Badal Maity, a CI social worker, explains that water isn't the only reason tigers stalk the village. He points across the small river. "There is an island which houses quite a few of these majestic beasts," he says. "There have been times when the beasts swim across the river and walk about the villages at dawn in search of cattle. The encounters with man give them easy access to food, thus making them man eaters."
Last year, the Sundarbans gained international notoriety when a tiger snatched a man from his boat and dragged his body off into the forest. And while tigers have long threatened the security of humans in the region, environmental changes are causing a sharp uptick in the number of cattle, livestock and people killed by the cats in recent years.
Accounts vary, but tigers have reportedly attacked dozens of men and women as they fish, crab or hunt for wild honey — common agricultural pursuits in the region. In some years, the animals — estimated to number around 350 locally — have killed as many as 60 people in the region.
While scarcity of water creates problems for both man and beast in Soma's village, monsoon season creates its own set of dangers. Soma says, "Excess water overfills the lakes, ponds and the rivers. Along with the overflowing banks of the rivers come crocodiles."
Just weeks before our visit, in fact, a woman and her husband were fishing nearby. A crocodile attacked the woman and carried her off.
Inhabited by tigers and crocodiles (plus one of the world's most venomous snakes, the cobra), it's hard to imagine a more hostile place to live than the Sundarbans. But, for sponsored children, the biggest threats don't even come from wild beasts.
Disease, parasitic infections, hunger and illiteracy pose much more critical dangers to children's and youths' futures. But help from CI has significantly minimized the risk from these perils.
Gita Maiti, a social worker who focuses on health and nutrition and has worked with CI for the last 14 years, says poverty was at its worst prior to CI's arrival.
"When CI came with its sponsorship program," Gita remembers, "things began to change. Day after day, teams would go out to meet people, talk to them on healthy practices and habits. Then tube-wells [pipes bored into underground aquifers] for safe drinking water were constructed."

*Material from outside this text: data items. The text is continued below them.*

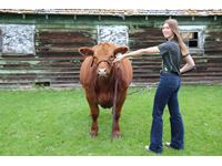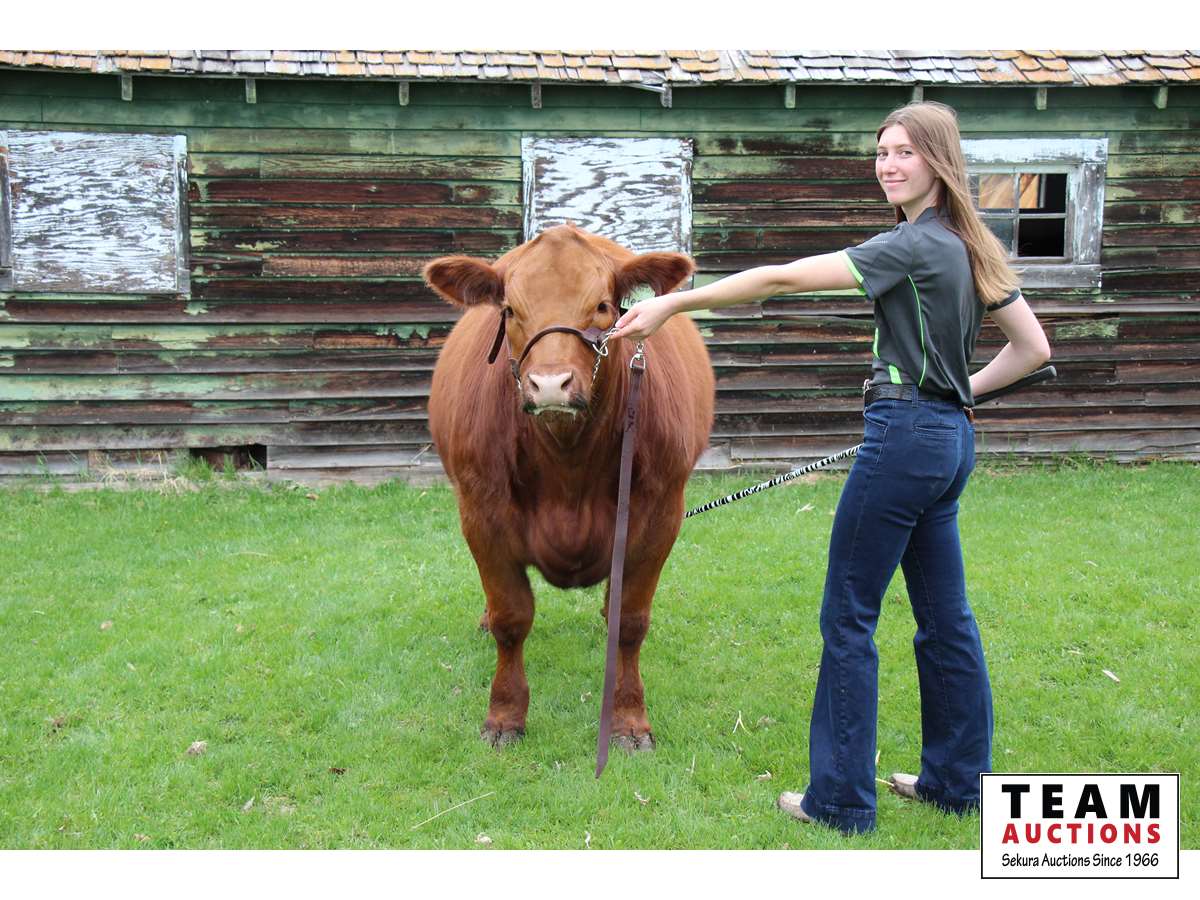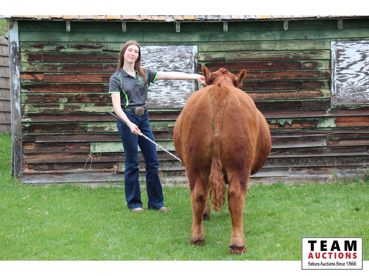 Hello I'm Leah Churchill, a Sr at the Cherhill 4-H Multi Club. This is my Market Steer Henry, he is set to weigh approximately 1200 lbs sale day. I have a butcher spot booked at Schleckers Custom Meats June 9th, located west of Stony Plain, for my buyers convenience to use if they choose. Henry has been raised on a barley and Country Junction ration diet, and is ready to find his forever home...in your freezer. He is a commercial angus from our home herd. The profit made from Henry will be spent immediately on my tuition for University, as I am attending Concordia University this fall in pursuit of an elementary education degree. Meaning I am completing my 7th and final year of 4-H. 4-H has taught me many life skills such as bookkeeping, marketing skills, and stewardship skills. Preparing me for life in the future. I have had a lot of fun over the years with the 4-H program by attending our workshops and participating in unplanned calf wranglings. I am proud to present my final project Henry in this year's sale. Finally I would like to thank all my previous buyers over the years for your support to both my club and myself. Your contribution is greatly appreciated.
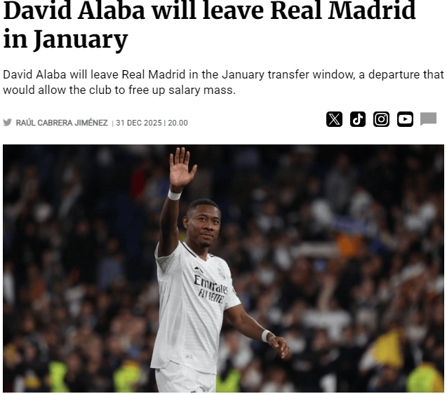 เมื่อวันที่ 1 มกราคม ตามเวลาปักกิ่ง ตลาดซื้อขายนักเตะฤดูหนาวของลาลีกาได้เปิดอย่างเป็นทางการแล้ว ตามรายงานจากสื่อสเปนอย่าง "fichajes" ระบุว่า เรอัล มาดริด กำลังพิจารณาข้อเสนอจากสหรัฐอเมริกาอย่างรอบคอบสำหรับดาวิด อลาบา กองหลังชาวออสเตรีย ซึ่งเป็นหนึ่งในนักเตะที่ได้รับค่าจ้างสูงที่สุดของสโมสร ข้อเสนอที่รายงานว่ามาจากสโมสรชาร์ล็อตต์ เอฟซี แห่งเมเจอร์ลีก ซ็อคเกอร์ ต้องการเซ็นสัญญากับอลาบาด้วยค่าตัว 1.5 ล้านยูโร
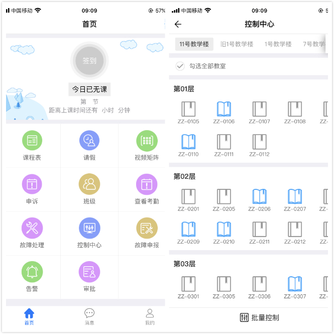 改变以往教室管理员逐间教室地进行多媒体设备管理,实现了管控电脑、功放、音响投影、交互屏等多媒体设备都可通过管理平台进行统一的管理控制,还能在手机端实现远程实时管理。管理员不用到教室巡查,就能通过平台远程完成设备控制、环境控制、信息发布等工作。还可按照课表设置设备定时开关,实现设备的无人值守。管理人员能够提前、主动发现多媒体设备故障,远程协助老师及时解决问题,大大缩短了故障处理时间,提升了多媒体教室管理水平和运维服务效率。通过“一键巡检”或定时巡检对所有教室的设备进行开关、功率的巡检,精准确定故障,线上集中管控,让管理更高效便捷,极大提升设备运维工作效率及质量,大幅降低人力成本。
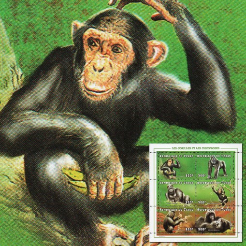 Seria w arkuszu, na znaczkach której widnieją szympans zwyczajny i goryl.
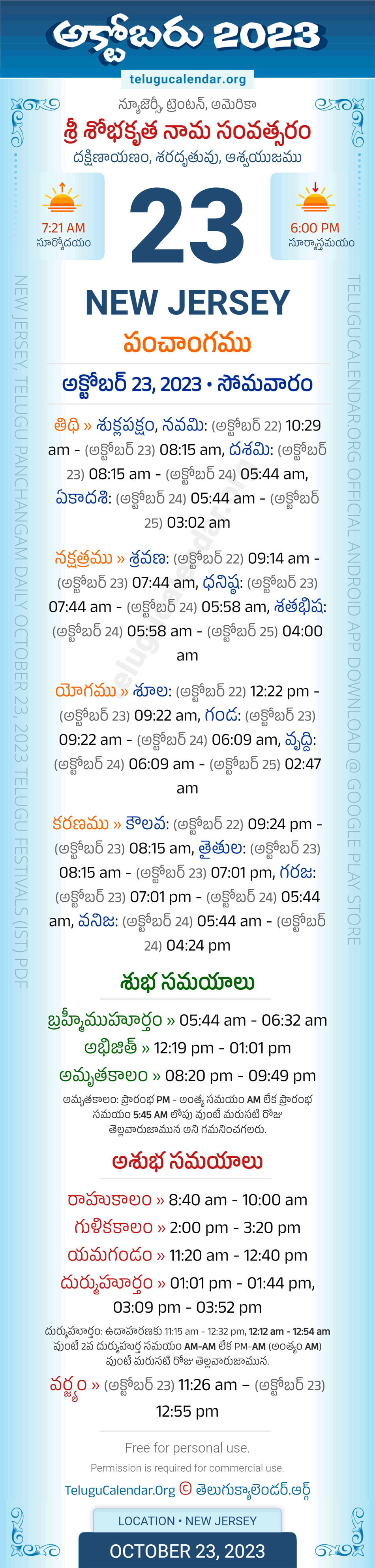 Apart from the Panchangam October 23, 2023 New Jersey Telugu Calendar Daily Sheet, you can also find the Sunrise and Sunset (Middle Limb) timings, Paksham, Telugu Year, Yanam, Rutuvu, Telugu Month. Today's New Jersey Auspicious Timings October 23, 2023 (Shubha Muhuratam Today Good Timings like Abhijit Muhurtham, Amruta Kalam & Brahma Muhurtham) and Today's New Jersey Inauspicious Timings October 23, 2023 (Bad Timings like Durmuhurtham, Rahukalam, Gulika kalam & Yamagandam) with starting and end timings in the above image.
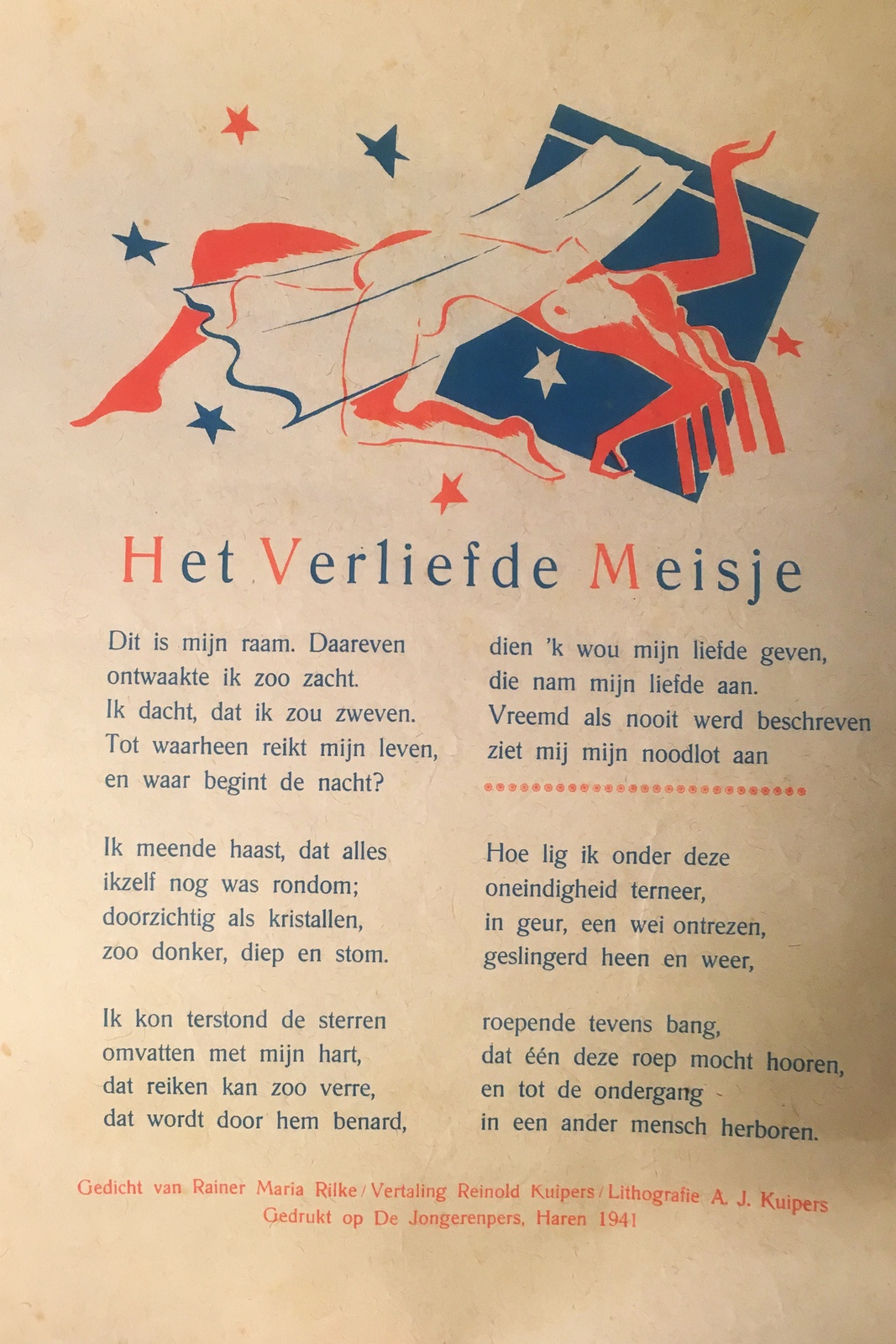 38. RILKE, Rainer Maria Het verliefde meisje. (Vertaling Reinold KUIPERS). Haren, De Jongerenpers, 1941. 41 x 28 cm. Rijmprent, eenzijdig bedrukt in groen en oranjerood op getint papier met Japans watermerk. Met een lithografie van Abe J. Kuipers. 1e druk. Prima staat.
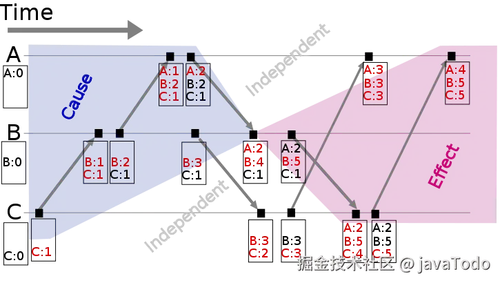 图2: Vector clock space time (图片来源: wikipedia)
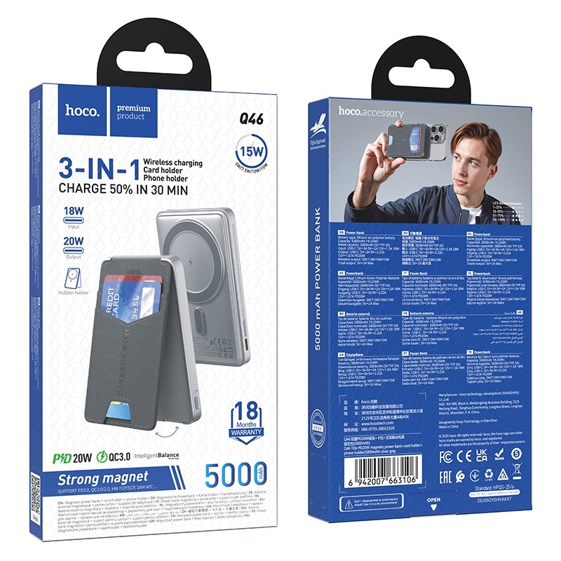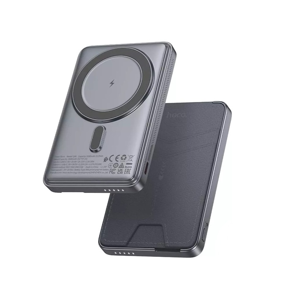 Внешний аккумулятор (Power Bank) Hoco Q46 5000mAh (20W, PD, USB-C, MagSafe 15W, держатель для карт и смартфона) Серый

Soma's mother, Alpana, recalls life before CI. "We had to walk a very long distance to fetch water," she says. It was difficult to carry heavy loads of the liquid. And the inconvenience, coupled with villagers' omnipresent fear of tiger and crocodile attacks, led families to use nearby — tainted — water.
Soma adds, "We would wash our clothes in the pond, bathe, wash utensils, bathe the cattle and goats, and also use it to wash our vegetables, rice and cook with that water. Due to this, we suffered a lot from various diseases like jaundice, stomach upsets, diarrhea and pain."
CI's tube-wells brought immediate access to improved water, plus some unexpected benefits. Specifically, these wells have become a source of joy for nearby residents – a gathering spot for women on their daily errands, a play area for children and a source of cool relief during the hot summer months.
Latrines are another infrastructure investment CI has made in the area, as well as introducing sanitation-focused educational lessons.
Youth have taken the lead in these efforts by teaching villagers about the dangers of open defecation, and antiparasite lessons have reinforced the importance of hand-washing and other sanitary habits. To make these endeavors even more worthwhile, CI provided water filters to sponsored families. Having such supplies in their homes helps ensure drinking water is safe.
Today, CI's efforts have helped limit the risk from wild animals while offering stepping stones across the water of poverty. Soma says she's blessed simply to feel better. Alpana, though, looks at the bigger picture: "The most important change which has come about is that we and our children do not suffer from water-borne diseases. Children are able to attend school regularly. It is such a delight, and I am so happy!"